Clark: It starts with our business climate. Businesses like that we were the first to open after COVID and that we’re focused on job creation, low taxes and improving infrastructure. On workforce development, with Georgia Tech, the University of Georgia, Emory, Georgia Southern and other higher ed institutions they know they can get the engineers they want and they know that our technical colleges can handle the uplift on worker readiness. As far as location, these projects need large sites in rural areas that have easy access to population centers, and it’s hard to find large acreage tracts that meet these requirements. So, four of them are going into the “outerburbs” of Atlanta and the other outside of Savannah. Finally, many of those companies, like Qcells, are Korean. Georgia has a 40-year history of building relationships and partnerships with Korean companies. They feel connected to Georgia, they like our culture, our business climate and how we do business. That matters.
When looking at the state economy, is it fair to think of Atlanta and Savannah... and then all the rest?

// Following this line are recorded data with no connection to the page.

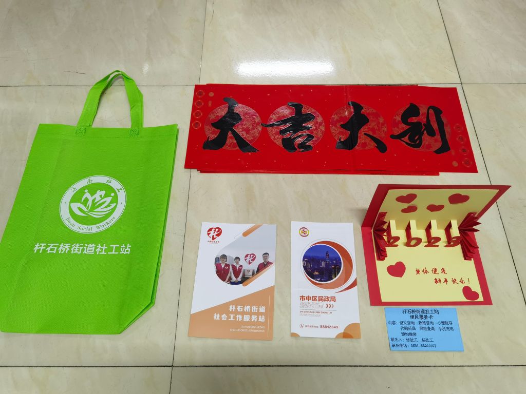 活动当日,社工们将一幅幅吉祥如意的春联以及社工站的宣传折页、民政政策宣传折页、新年贺卡、便民服务卡等物品打包成一个个新春礼包,按照提前规划好的走访路线,带着美好的新春祝福,开启了此次探访送温暖服务。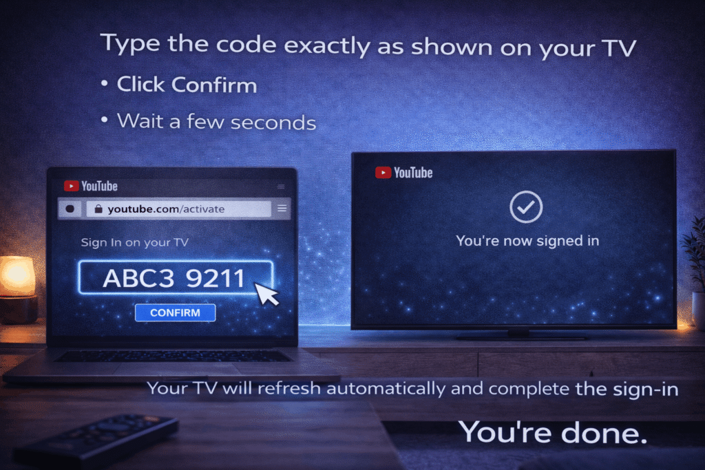 To sign in to YouTube on your Smart TV, open the YouTube app and select Sign In. Choose the option to sign in with a web browser, and a code will appear on your TV screen. On your phone or computer, visit youtube.com/activate, log in to your Google account, enter the code shown on your TV, and confirm. Your TV will refresh automatically and complete the sign-in process within seconds.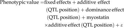 To test the potential interaction between a QTL and myostatin genotype, we first applied a forward QTL selection strategy. In this step, the dataset was split into two subsets by myostatin genotype. Interval mapping analysis was completed using the main effect QTL model without myostatin genotype effect within each subset. All positions that reached a 5% genome-wide significance level were identified. In the second step, the interaction between each of these positions and myostatin genotype was tested by comparing four models in the full data. Fixed effects in the following models were the same as before.

Clark: I think you could have made that argument 10 years ago. But if you look at southwest Georgia and the number of investments that have gone into there in the last five years, it’s completely changed many of those communities, whether it’s Bainbridge, Thomasville, Albany, Moultrie or Tifton. We also see development coming inland from Savannah to as far as Dublin, and we hope it spreads north from there. Augusta’s economy is incredible with cybersecurity, the military and manufacturing. And now you’re watching north Georgia transform. So, I do think Atlanta and the coast are obviously engines in the state, but we’re seeing incredible economic growth in every corner of Georgia. Eighty percent of the announcements last year were outside of metro Atlanta, so that speaks for itself.
A lot of the jobs that are coming to rural parts of the state are manufacturing jobs. What about agriculture, which is what Georgia was built on? Is there a place for growth in precision ag?
Clark: Yeah, I think so. And that’s what the University of Georgia and our friends at ABAC [Abraham Baldwin Agriculture College in Tifton] are really focused on now. There is a lot we can do there. You’re going to see some fairly dramatic changes in agriculture over the next 10 years. Obviously more precision ag, but also as things get hotter we’re going to start changing crops. You’ll start to see more vegetables grown in South Georgia than we’ve ever seen before. We’re already starting to see some citrus popping up there. So, there are tons of opportunities, and we’re bullish on it. There’s always more you can do.